WHAT IS BEING ASKED: Without including the images, transcribe each record precisely as it appears below.

[Data items]
+===+
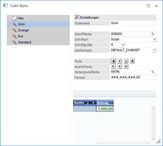 Mittels Mausklick auf den Eintrag "Neu" kann ein neuer Cube Style angelegt werden. Unterhalb des Eintrags "Neu" werden alle bereits angelegten Styles aufgeführt.
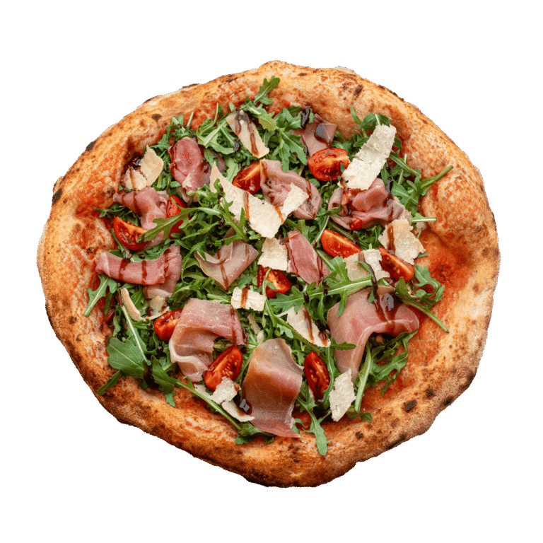 Făină, mozzarella fior di latte, sos de roșii, roșii, prosciutto crudo, ruccola, parmezan, crema balsanic, busuioc, zahăr, sare
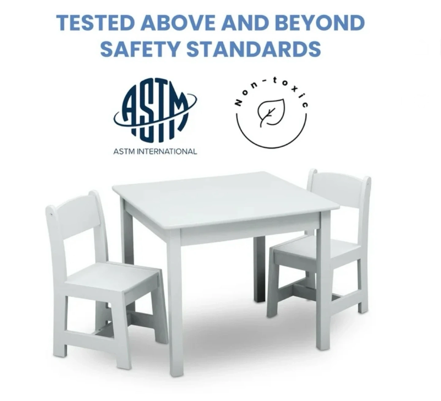 Delta Children MySize Wood Play Table and Chair Set (2 Chairs Included) - Greenguard Gold Certified, Bianca White
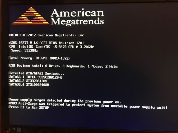 开机提示不是写了吗?电涌保护,看你的电源应该是没问题才对,可以换个板或者换个电源试一下。
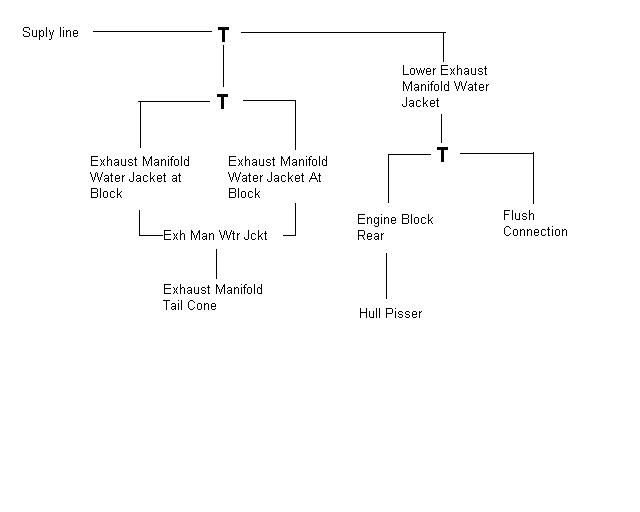From the first 'T' that goes to the bottom of the exhaust, water travels through the exhaust pipe water jacket and goes exits up about 8" into a line that goes to the rear of the block/cylinder head. There is a 'T' in this line that goes to the flush hose.
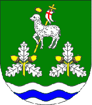 Shield Vert, a base wavy of Argent and Azure, in chief a Paschal Lamb Argent nimbes Or carrying a labarum ( a banner) Argent with a throughout cross Gules, fixed on a cross-shaped pole Or, between two oak twigs, each having three leaves Argent set triangular and two acorns Or. Mural crown Argent with three visible towers (village rank) and white scroll with inscription in black initials: "REBOREDA".
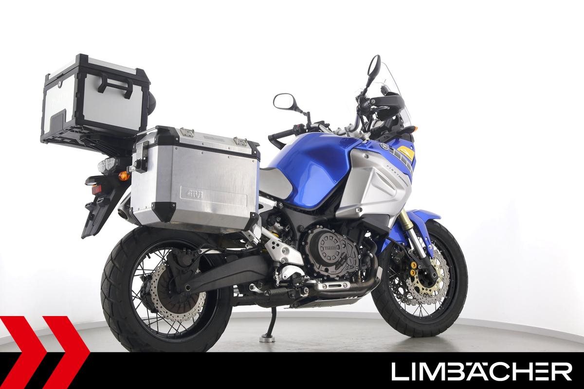 Eine Yamaha XT 1200 Z Super Ténéré in gepflegtem Zustand u.a. mit Yamaha-Alutopcase und Givi-Alukoffer rechts.
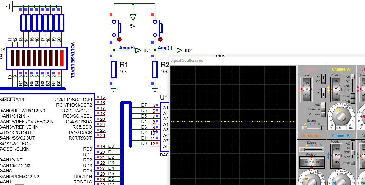 • Le convertisseur A/N: Un mot de 8 bits est envoyé au convertisseur A/N en permanent. Le convertisseur permet de convertir la valeur numérique en un signal analogique.  Voir le projet source de tension pour plus de détails.
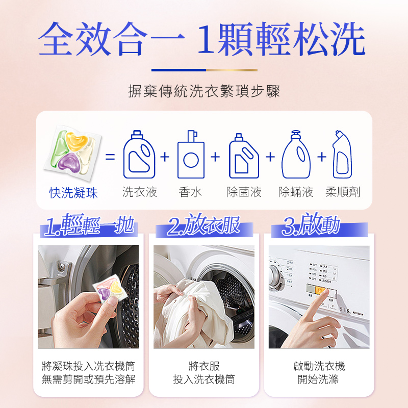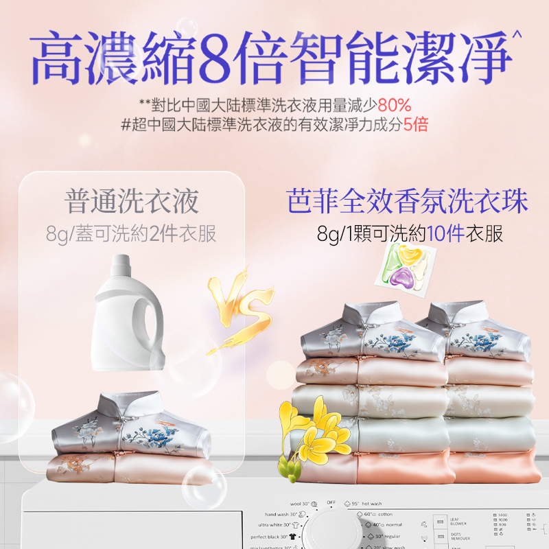 商品简介:芭菲全效香氛快凝珠,香味持久留香除螨除菌很轻松,8倍浓缩溶速加快35%,5重奢护留香不留菌,亲肤呵护~,令衣物持久洁净卫生。温和不伤手,强力去污不伤衣~
+===+
PROBLEM SOLUTION:
 Mittels Mausklick auf den Eintrag "Neu" kann ein neuer Cube Style angelegt werden. Unterhalb des Eintrags "Neu" werden alle bereits angelegten Styles aufgeführt.
 Făină, mozzarella fior di latte, sos de roșii, roșii, prosciutto crudo, ruccola, parmezan, crema balsanic, busuioc, zahăr, sare
 Delta Children MySize Wood Play Table and Chair Set (2 Chairs Included) - Greenguard Gold Certified, Bianca White
 开机提示不是写了吗?电涌保护,看你的电源应该是没问题才对,可以换个板或者换个电源试一下。
From the first 'T' that goes to the bottom of the exhaust, water travels through the exhaust pipe water jacket and goes exits up about 8" into a line that goes to the rear of the block/cylinder head. There is a 'T' in this line that goes to the flush hose.
 Shield Vert, a base wavy of Argent and Azure, in chief a Paschal Lamb Argent nimbes Or carrying a labarum ( a banner) Argent with a throughout cross Gules, fixed on a cross-shaped pole Or, between two oak twigs, each having three leaves Argent set triangular and two acorns Or. Mural crown Argent with three visible towers (village rank) and white scroll with inscription in black initials: "REBOREDA".
 Eine Yamaha XT 1200 Z Super Ténéré in gepflegtem Zustand u.a. mit Yamaha-Alutopcase und Givi-Alukoffer rechts.
 • Le convertisseur A/N: Un mot de 8 bits est envoyé au convertisseur A/N en permanent. Le convertisseur permet de convertir la valeur numérique en un signal analogique.  Voir le projet source de tension pour plus de détails.
 商品简介:芭菲全效香氛快凝珠,香味持久留香除螨除菌很轻松,8倍浓缩溶速加快35%,5重奢护留香不留菌,亲肤呵护~,令衣物持久洁净卫生。温和不伤手,强力去污不伤衣~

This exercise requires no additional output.